Required by law to publish that data in increasing volume, quality and detail, they still cannot risk violating the privacy of the citizens whom the data represents - people whose identity and personal information might be revealed and exploited by anynone sifting the datasets with little more than a copy of Microsoft Excel.
But a recent Digital Government research project has led to development of a toolset that solves this problem with a relatively simple strategy that is gaining favor at the federal level despite its apparently heretical nature: data-swapping.
Forced to publish a database that could reveal how much some individuals earn, where they live or how well they perform in school? Then simply choose data attached to those people - say, their ages, marital status or hometown - and juggle it so that no one can tell who's who.

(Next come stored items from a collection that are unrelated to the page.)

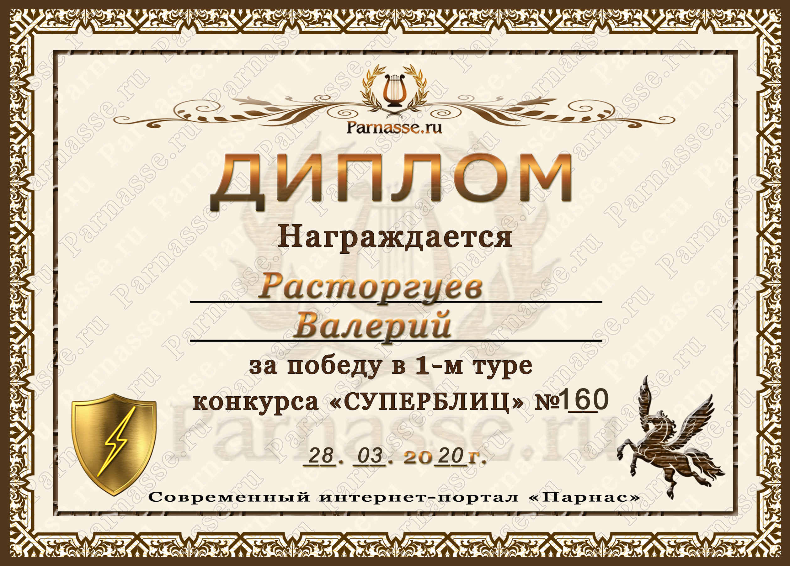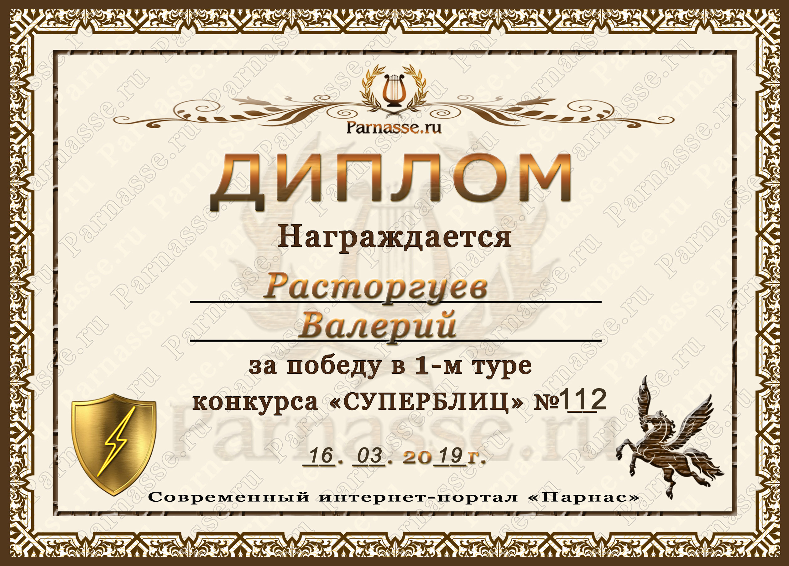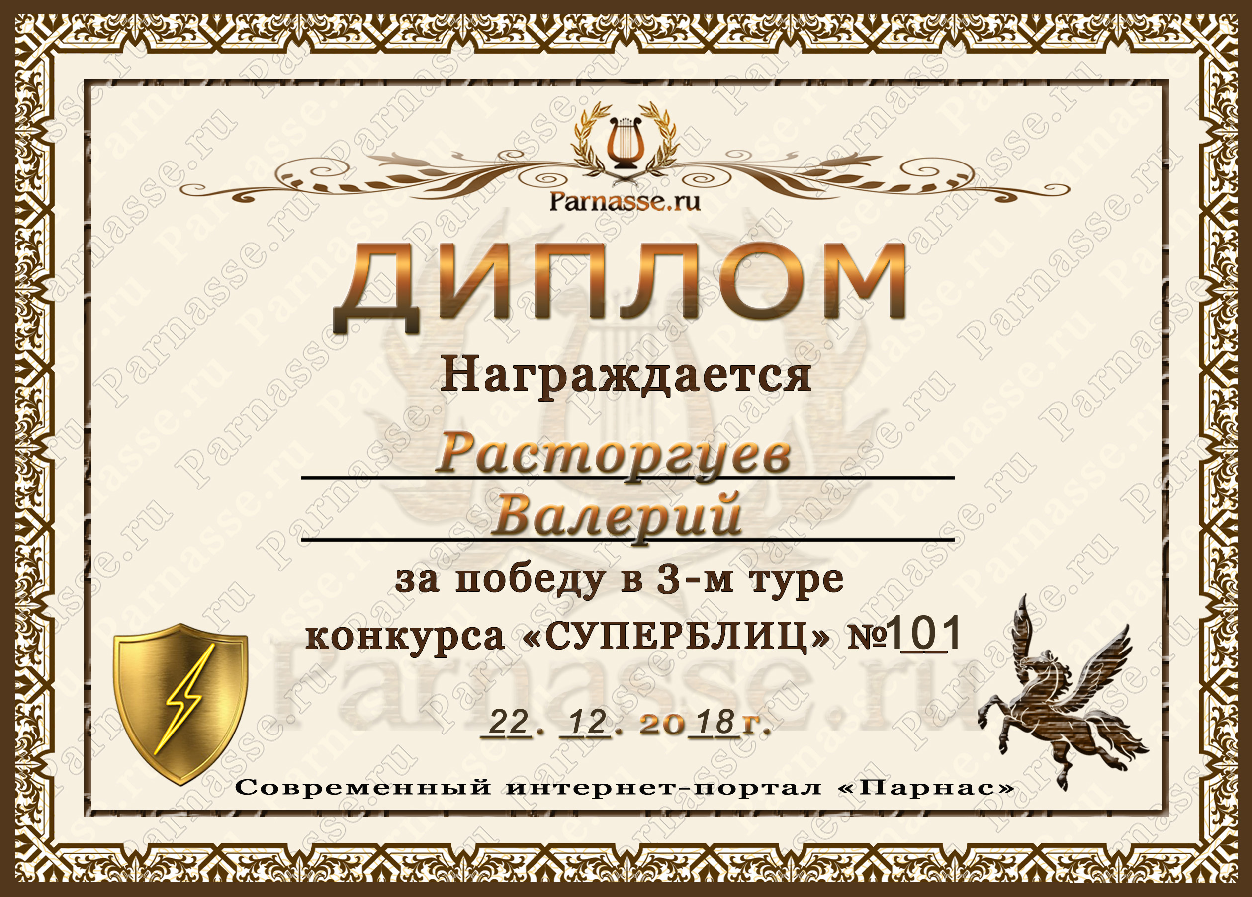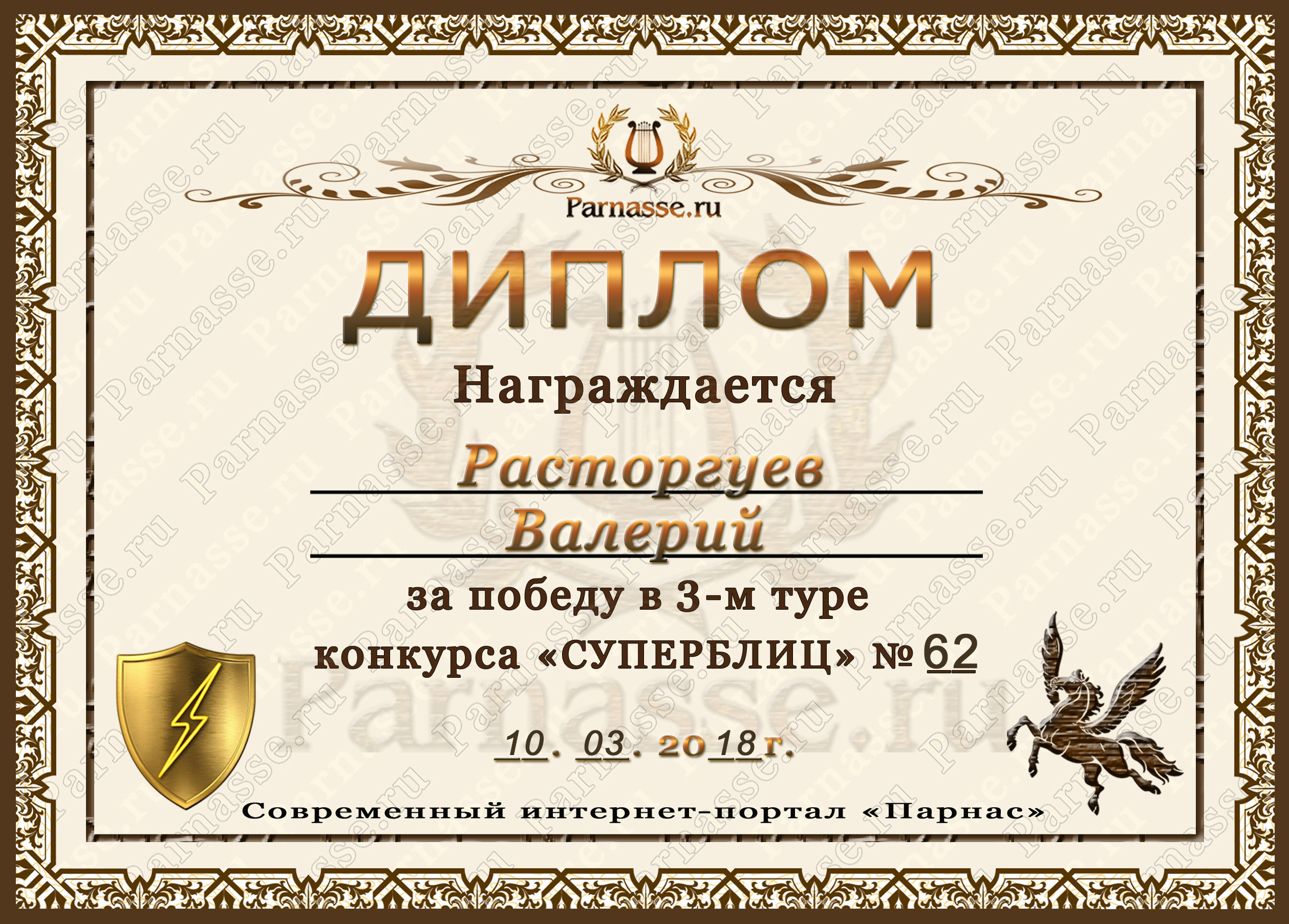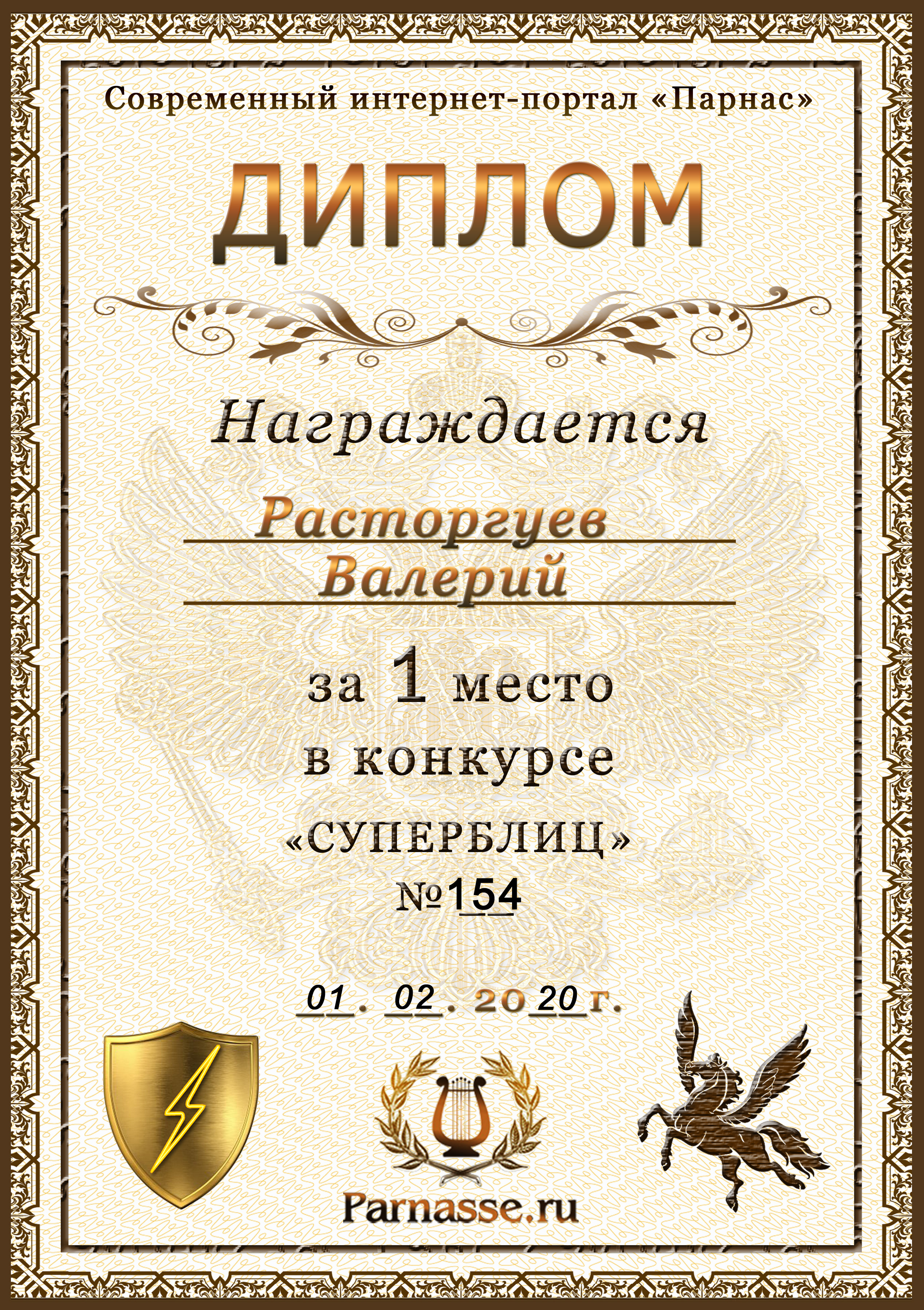 Диплом за 1 место в праздничном конкурсе "Поздравим Парнас с трёхлетием вместе!"
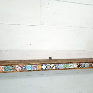 This handcrafted wall shelf blends artisan tilework with sustainable materials, creating a stunning focal point for any room.
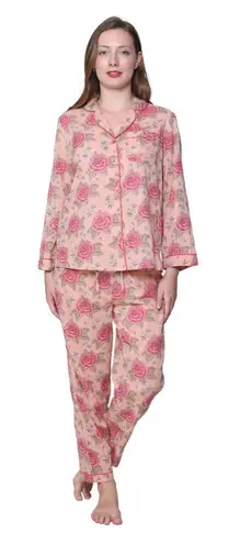 La Cera Cotton Print Pj Set in Peach Size Large Cropped pants with short sleeve button down paja... Show more
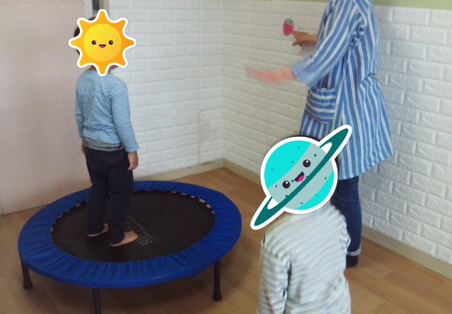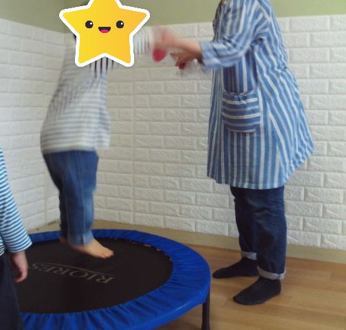 何度も列に並びなおしてたくさんトランポリンに挑戦する積極的な姿も
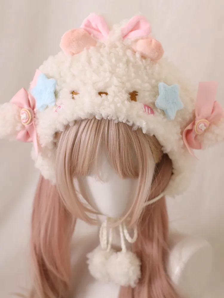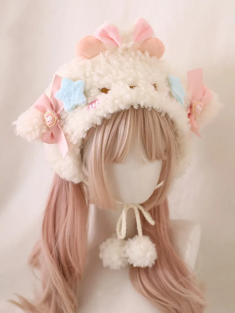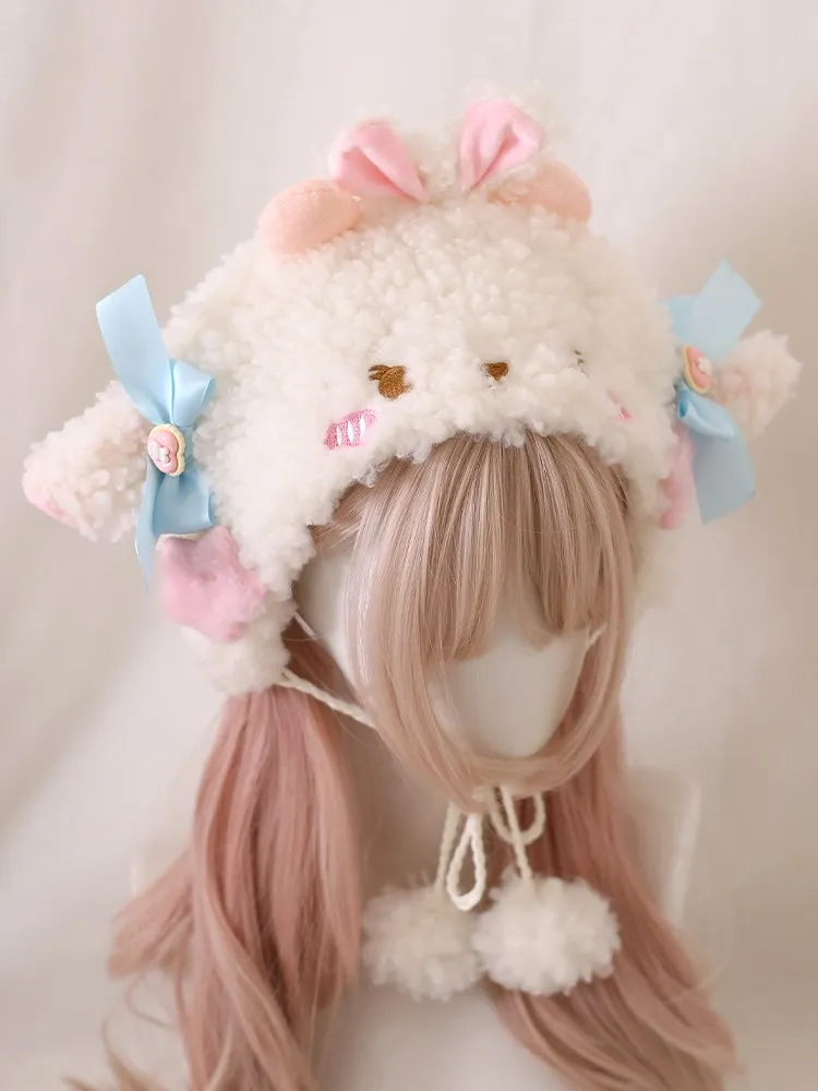 Cute Lamb Ears Earmuffs Hat Lambswool Bucket Hat
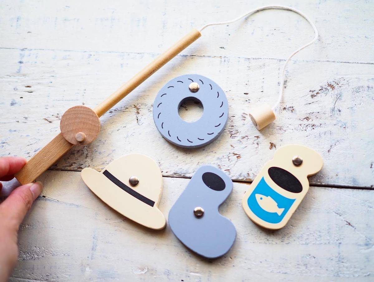 続いてご紹介するのも、木製おままごとシリーズの「木製お魚つりセット」です。
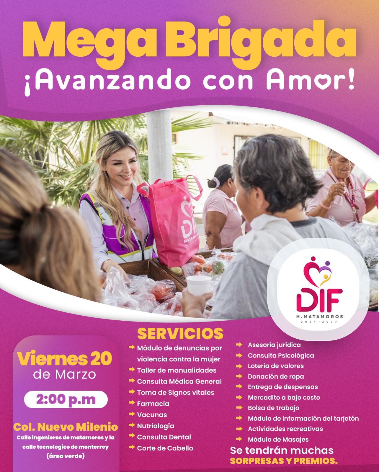 Matamoros, Tam.- El Gobierno Municipal y el Sistema DIF Matamoros, en coordinación con el Instituto de la Mujer, la Secretaría de Bienestar Social y el IMSS, extiende una cordial invitación a la ciudadanía para asistir y beneficiarse con la Mega Brigada que se llevará a cabo en la colonia Nuevo Milenio. Esta iniciativa tiene como propósito acercar servicios de asistencia social que fomenten la atención directa, el bienestar integral y el cuidado de la salud de las familias.

However, a second conundrum lies embedded in the first: How much data must you swap to protect someone's identity? And how much can you swap before you have made the bulk of the data unreliable or worthless?
An answer to that puzzle has been developed in the Data-Swapping Toolkit (DSTK), the product of an NSF Digital Government research project by the National Institute of Statistical Sciences (NISS) and the National Center for Education Statistics (NCES).
The NCES provided raw data on school pupils, which NISS used to test various methods of data-swapping, says Marilyn Seastrom, the center's chief statistician.
NCES has been examining data-swapping techniques as a way of safely releasing large datasets that might otherwise be parsed for personal information. The other method of protecting the data was table suppression - essentially removing or collapsing one or more types of data such as age or ethnicity from one table that might be used to extract personal information from another, otherwise safe table.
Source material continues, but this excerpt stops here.